Keep every word of the listing and drop the images when you write it out.

▶ **Records provided**:
===

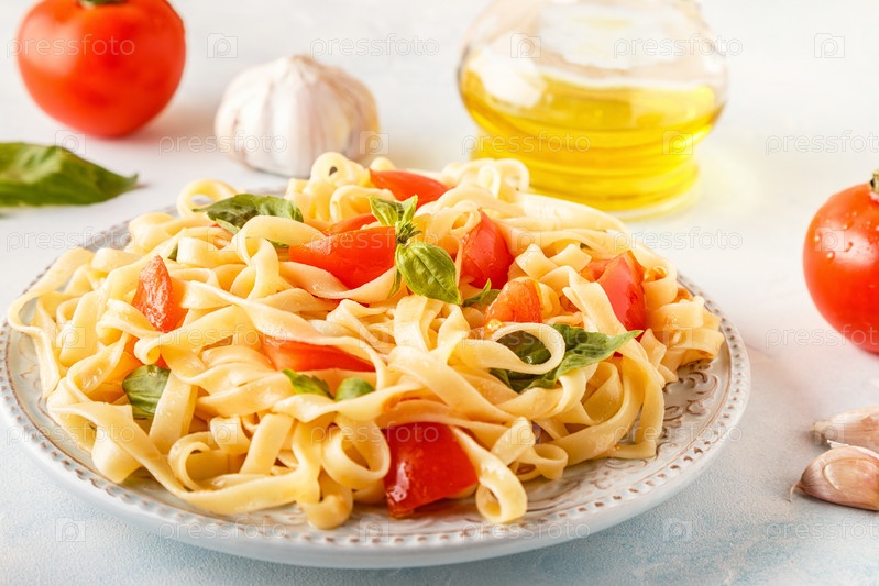 Паста с томатным соусом, подается с базиликом
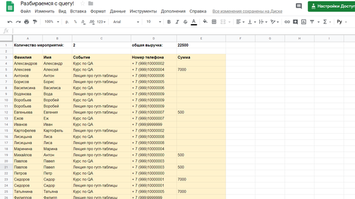 Гугл-таблицы — мой любимый инструмент. Люблю нагородить в них многоэтажных формул, что всё само считалось и откуда-нибудь подтягивалось. Недавно выяснила, что городить далеко не всегда нужно: есть волшебная функция Query, которая заменяет собой многие ВПРы с ГПРами. Расскажу на примере реальной задачи, как я научилась работать с Query и ускорила работу с гугл-таблицами. Задачка про мероприятия В нашем офисе проходят разные мероприятия, данные по ним собирают разные люди в разные таблицы. Где-то это просто список участников, где-то выгрузка с Таймпада...
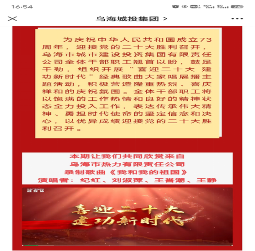 在黨中央確定今年下半年召開黨的二十大之后,市城投集團(tuán)公司將喜迎黨的二十大作為2022年思政宣傳工作的重要主線,將其貫穿到企業(yè)經(jīng)營和生產(chǎn)服務(wù)工作全過程,組織策劃喜迎二十大系列活動,先后開展市城投集團(tuán)公司“踔厲奮發(fā)新征程,迎接黨的二十大”我們的節(jié)日?中秋主題活動,組織黨員干部職工觀看紅色影片,組織開展“喜迎二十大 建功新時代”經(jīng)典歌曲大家唱展播活動,各子公司營業(yè)廳、辦公樓等場所張貼懸掛喜迎黨的二十大宣傳標(biāo)語等,進(jìn)一步統(tǒng)一思想、凝聚共識、匯聚力量,在干部群眾中引起熱烈反響,全面營造迎接黨的二十大的濃厚氛圍,以實際行動迎接黨的二十大勝利召開。
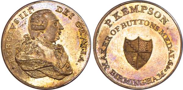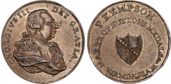 Birmingham, P Kempson advertising Halfpenny undated, Draped bust right of George III, rev. Arms of Birmingham and advertisement, edge plain 29mm/12.66gm. (DH 218). Another the same but with unrecorded edge SPENCE DEALER IN COINS LONDON, 29mm/12.58gm. (DH 218var), first good extremely Fine with golden iridescent lustre, second good Very Fine and toned – unrecorded edge and possibly unique. [2]
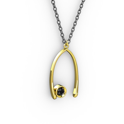 Siyah zirkon 14 ayar altın kolye (40 cm gümüş rolo zincir)
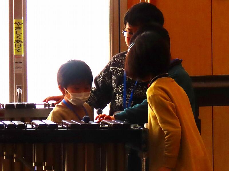 音楽室では置いてあった様々な楽器に興味をもったようです。

===

▶ **Answer below**:
 Паста с томатным соусом, подается с базиликом
 Гугл-таблицы — мой любимый инструмент. Люблю нагородить в них многоэтажных формул, что всё само считалось и откуда-нибудь подтягивалось. Недавно выяснила, что городить далеко не всегда нужно: есть волшебная функция Query, которая заменяет собой многие ВПРы с ГПРами. Расскажу на примере реальной задачи, как я научилась работать с Query и ускорила работу с гугл-таблицами. Задачка про мероприятия В нашем офисе проходят разные мероприятия, данные по ним собирают разные люди в разные таблицы. Где-то это просто список участников, где-то выгрузка с Таймпада...
 在黨中央確定今年下半年召開黨的二十大之后,市城投集團(tuán)公司將喜迎黨的二十大作為2022年思政宣傳工作的重要主線,將其貫穿到企業(yè)經(jīng)營和生產(chǎn)服務(wù)工作全過程,組織策劃喜迎二十大系列活動,先后開展市城投集團(tuán)公司“踔厲奮發(fā)新征程,迎接黨的二十大”我們的節(jié)日?中秋主題活動,組織黨員干部職工觀看紅色影片,組織開展“喜迎二十大 建功新時代”經(jīng)典歌曲大家唱展播活動,各子公司營業(yè)廳、辦公樓等場所張貼懸掛喜迎黨的二十大宣傳標(biāo)語等,進(jìn)一步統(tǒng)一思想、凝聚共識、匯聚力量,在干部群眾中引起熱烈反響,全面營造迎接黨的二十大的濃厚氛圍,以實際行動迎接黨的二十大勝利召開。
 Birmingham, P Kempson advertising Halfpenny undated, Draped bust right of George III, rev. Arms of Birmingham and advertisement, edge plain 29mm/12.66gm. (DH 218). Another the same but with unrecorded edge SPENCE DEALER IN COINS LONDON, 29mm/12.58gm. (DH 218var), first good extremely Fine with golden iridescent lustre, second good Very Fine and toned – unrecorded edge and possibly unique. [2]
 Siyah zirkon 14 ayar altın kolye (40 cm gümüş rolo zincir)
 音楽室では置いてあった様々な楽器に興味をもったようです。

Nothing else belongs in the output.